Titah mendengar gumaman mereka. Sekilas ia teringat perkataan ibunya tentang mantra kalacakra. Sebuah mantra untuk menolak balak. Manusia-manusia itu sedang memohon agar bisa terbebas dari segala musibah. Titah tak mampu mencerna apa yang terjadi. Pikiran mungilnya terlalu kecil menjangkau apa yang dilihat dan didengarnya. Ia segera berlari menuju lubang tempat tinggalnya. Sekuat tenaga Titah berlari. Sama sekali tak menoleh meski suara gumam manusia-manusia itu semakin keras. Lubang rumahnya memang tak seberapa jauh namun kaki mungil Titah sudah sangat lelah. Kakinya bergetar, antara takut dan lelah. Tanah yang dipijaknya juga semakin keras bergetar.

Hanya ada lubang rumah dan ibunya dalam pandangan Titah. Ia Sama sekali tak bisa menikmati perjalanan pertama keluar sarang. Bunga-bunga dan keindahan yang diimpikannya lewat bersama angin yang meniup tubuh bersimbah peluh. Titah terus berlari. Terus berlari. Terengah-engah.

***

Cerita yang hampir klimaks itu tiba-tiba harus kuhentikan. Hujan deras mendadak datang. Anak-anak berlari berhamburan. Pulang ke rumah sambil menanti ibu mereka menyajikan makan malam. Akhir cerita ini kusimpan sendiri. Mungkin terlalu sadis untuk didengar anak-anak itu. Setidaknya hujan telah menyelamatkan pendengaran mereka dari dongengku yang terlalu ngawur.

Manusia-manusia itu sedang melakukan ritual untuk memburu tikus-tikus yang merusak sawah mereka. Entah sejak kapan mereka tak pernah bicara lagi dengan tikus. Ketika malam tiba, tanpa ampun begitu saja membantai mereka. Ibu Titah mati terpanggang dalam lubang. Tubuhnya kaku, hangus terbakar. Manusia-manusia itu menggunakan alat penyembur api yang dijejalkan ke dalam sarang. Kadang membakar belerang di mulut lubang dan tikus-tikus di dalamnya mati keracunan.

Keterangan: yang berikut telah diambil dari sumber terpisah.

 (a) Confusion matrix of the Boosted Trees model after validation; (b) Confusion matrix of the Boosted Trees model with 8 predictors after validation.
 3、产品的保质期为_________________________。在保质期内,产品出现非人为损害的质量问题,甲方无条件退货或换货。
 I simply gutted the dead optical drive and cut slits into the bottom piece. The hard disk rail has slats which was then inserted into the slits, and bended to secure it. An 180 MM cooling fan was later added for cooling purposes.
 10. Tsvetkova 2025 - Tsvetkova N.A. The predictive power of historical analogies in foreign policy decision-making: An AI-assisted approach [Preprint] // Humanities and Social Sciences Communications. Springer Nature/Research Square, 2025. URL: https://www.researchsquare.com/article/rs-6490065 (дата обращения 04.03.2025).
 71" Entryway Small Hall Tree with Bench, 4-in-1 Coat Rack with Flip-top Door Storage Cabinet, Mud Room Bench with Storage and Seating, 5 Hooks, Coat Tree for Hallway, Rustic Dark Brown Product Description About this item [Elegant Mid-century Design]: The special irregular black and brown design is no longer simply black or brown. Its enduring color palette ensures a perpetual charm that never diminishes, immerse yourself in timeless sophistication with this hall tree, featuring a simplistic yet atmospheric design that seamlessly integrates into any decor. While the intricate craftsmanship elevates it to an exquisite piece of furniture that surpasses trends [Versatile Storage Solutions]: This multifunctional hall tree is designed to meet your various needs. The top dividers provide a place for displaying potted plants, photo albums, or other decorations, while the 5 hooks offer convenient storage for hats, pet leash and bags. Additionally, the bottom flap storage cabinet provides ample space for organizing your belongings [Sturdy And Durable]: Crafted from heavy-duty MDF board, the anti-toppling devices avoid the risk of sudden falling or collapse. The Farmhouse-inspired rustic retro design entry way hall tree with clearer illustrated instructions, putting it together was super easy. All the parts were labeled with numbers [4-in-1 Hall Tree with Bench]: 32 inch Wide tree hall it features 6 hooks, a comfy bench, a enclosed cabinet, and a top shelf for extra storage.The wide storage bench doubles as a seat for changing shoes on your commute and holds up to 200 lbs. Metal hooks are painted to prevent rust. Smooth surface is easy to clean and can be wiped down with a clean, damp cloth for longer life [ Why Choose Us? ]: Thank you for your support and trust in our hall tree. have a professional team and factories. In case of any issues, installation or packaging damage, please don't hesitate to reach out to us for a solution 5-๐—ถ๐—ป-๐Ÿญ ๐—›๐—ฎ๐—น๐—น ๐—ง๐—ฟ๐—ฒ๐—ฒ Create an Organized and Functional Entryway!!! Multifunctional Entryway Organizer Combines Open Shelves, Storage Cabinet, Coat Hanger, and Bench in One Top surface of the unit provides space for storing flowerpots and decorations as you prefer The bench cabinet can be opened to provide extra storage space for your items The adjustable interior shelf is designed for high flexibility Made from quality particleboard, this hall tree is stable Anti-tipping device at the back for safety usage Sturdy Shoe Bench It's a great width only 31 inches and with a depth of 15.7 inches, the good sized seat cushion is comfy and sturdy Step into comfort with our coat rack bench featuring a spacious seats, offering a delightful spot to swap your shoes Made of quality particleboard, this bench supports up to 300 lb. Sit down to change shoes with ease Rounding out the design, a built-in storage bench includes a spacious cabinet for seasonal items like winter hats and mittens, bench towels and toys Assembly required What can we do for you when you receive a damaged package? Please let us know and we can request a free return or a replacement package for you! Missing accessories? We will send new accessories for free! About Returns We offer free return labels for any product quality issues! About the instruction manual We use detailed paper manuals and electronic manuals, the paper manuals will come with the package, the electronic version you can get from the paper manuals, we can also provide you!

Aku sendiri sibuk mencari Dewi Sri sementara dongeng tentang Titah terasa tak menyisakan pesan apapun bagi anak-anak itu. Barangkali mereka akan kembali mencari cerita dalam sinetron-sinetron. Ada perempun pakai baju kulit harimau dan berlagak bodoh ketarzan-tarzanan. Tak ada yang lebih bodoh dari orang yang menonton cerita itu, malah sudah dilanjutkan sampai season dua.

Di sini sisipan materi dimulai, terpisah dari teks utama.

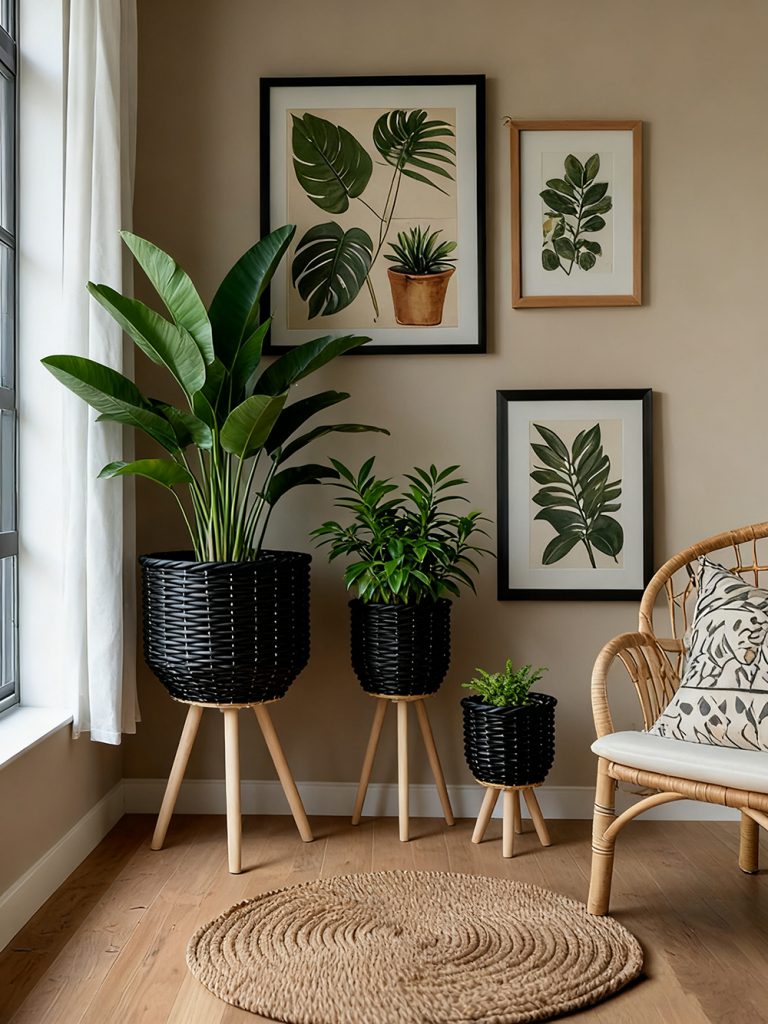 Capturing the charm of organic design, these baskets feature a rugged rope-inspired texture, a striking black finish, and three tapered wooden legs that add height to the visuals. Perfectly sized to serve as convenient storage or decorative planters, they will draw the eye whether displayed individually or as a centerpiece trio in your living room, bedroom, or entryway.
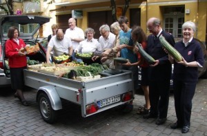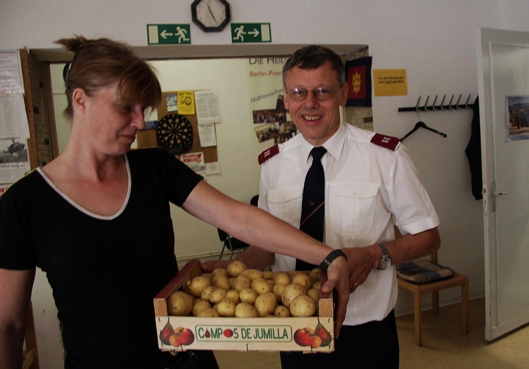 tetem Obst und Gemüse in der Kuglerstraße vorgefahren, um die Küche des „Cafè Treffpunkt“ – dem Sozialstützpunkt der Prenzlauer Berger Heilsarmee – an der diesjährigen Ernte teihaben zu lassen. Gäste des Cafés packten beim Ausladen mit an – und schon glich der Gastraum einer kleinen Früchteausstellung.
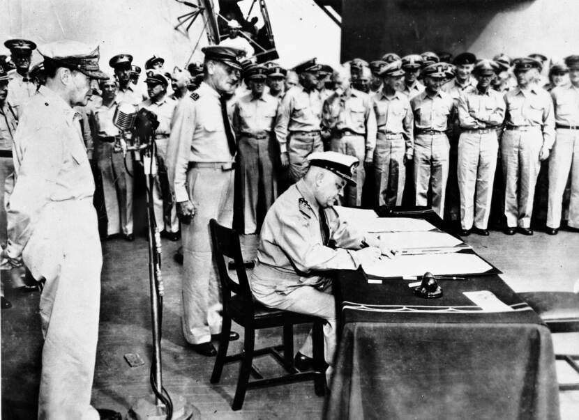 Aan boord van het Amerikaanse oorlogsschip USS Missouri in de baai van Tokio tekent Japan de overgave officieel.
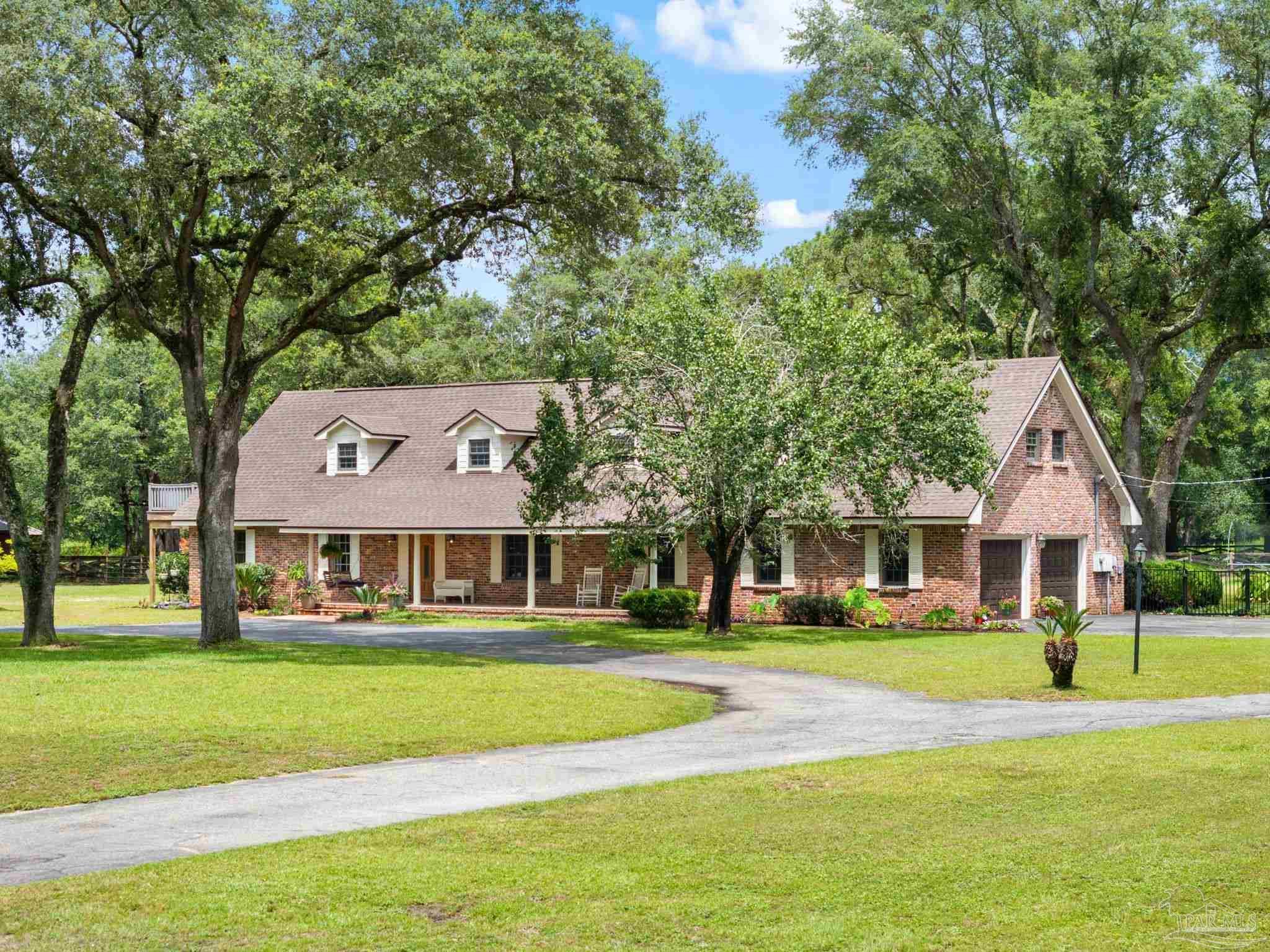 This unique property is in the heart of town but feels like you are out in your own oasis! Once inside this beautiful 2 story brick home with a circular drive you will find travertine floors, an updated kitchen with stainless steel appliances, a separate dining room and a wood burning fireplace in the living room. There are 3 bedrooms and 2 full baths downstairs. As you begin upstairs, you have a private bedroom suite to the right with a full bath and outside deck access. Across the hall is the main bedroom suite complete with a large bathroom, double vanities, large walk-in shower, and a jetted tub that looks over your private acreage. Off the rear of the main bedroom is a walk-in closet with enough space for storage, an office or a personal gym. The property has a tennis court, in ground Gunite Pool, sauna, and a separate guest house that has a full bath and kitchen (use this as a mother-in-law suite, studio or to generate some income as an Airbnb with its separate gate entrance for access). The back yard is fenced with an 1,856-sf steel framed barn and a separate Run-In. There is also a well Pump for lawn Irrigation. The main house, irrigation wellhouse and pool/guest house all re-roofed in 2021. A new septic tank and fill lines were replaced for the main house June 2025. New tankless hot water heater for main house 2023, Main house had both HVAC's replaced in 2021 (2nd level) and 2024 (main level). Pool house HVAC replaced in 2025. Everything has been updated, and this gorgeous home is ready for you to move in!

Di kampungku ada anak perempuan hafal dengan tarian perempuan tarzan itu. Ia memiliki seorang pengikut setia, mengikutinya kemana-mana. Ketika berjalan kemanapun, anak itu selalu membunyikan hape yang memutar lagu-lagu terbaru dari boyband dan girlband idolanya. Aku sering melihatnya lewat di depan rumah. Masih berseragam sepulang sekolah, tangannya menggengam plastik es. Sesekali ia bernyanyi sampil menyedot esnya lewat pipet berwarna merah.

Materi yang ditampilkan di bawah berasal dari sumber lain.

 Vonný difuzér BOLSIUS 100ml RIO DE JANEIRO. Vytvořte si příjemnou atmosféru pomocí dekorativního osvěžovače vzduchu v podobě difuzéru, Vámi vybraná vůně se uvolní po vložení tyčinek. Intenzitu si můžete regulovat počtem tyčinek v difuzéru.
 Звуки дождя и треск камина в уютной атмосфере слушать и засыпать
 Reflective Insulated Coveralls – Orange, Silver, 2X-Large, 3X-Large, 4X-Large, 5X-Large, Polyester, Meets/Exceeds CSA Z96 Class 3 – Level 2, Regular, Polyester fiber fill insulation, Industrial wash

Hujan reda tapi sudah hampir gelap. Beberapa kali terdengar suara mangga jatuh. Seorang anak menghampiri ketika aku masih duduk di teras, “Mbak, sesuk critani neh ya.” Malam ini aku dapat tugas untuk kembali mengarang cerita atau meyampaikan cerita bohong tentang akhir kisah Titah.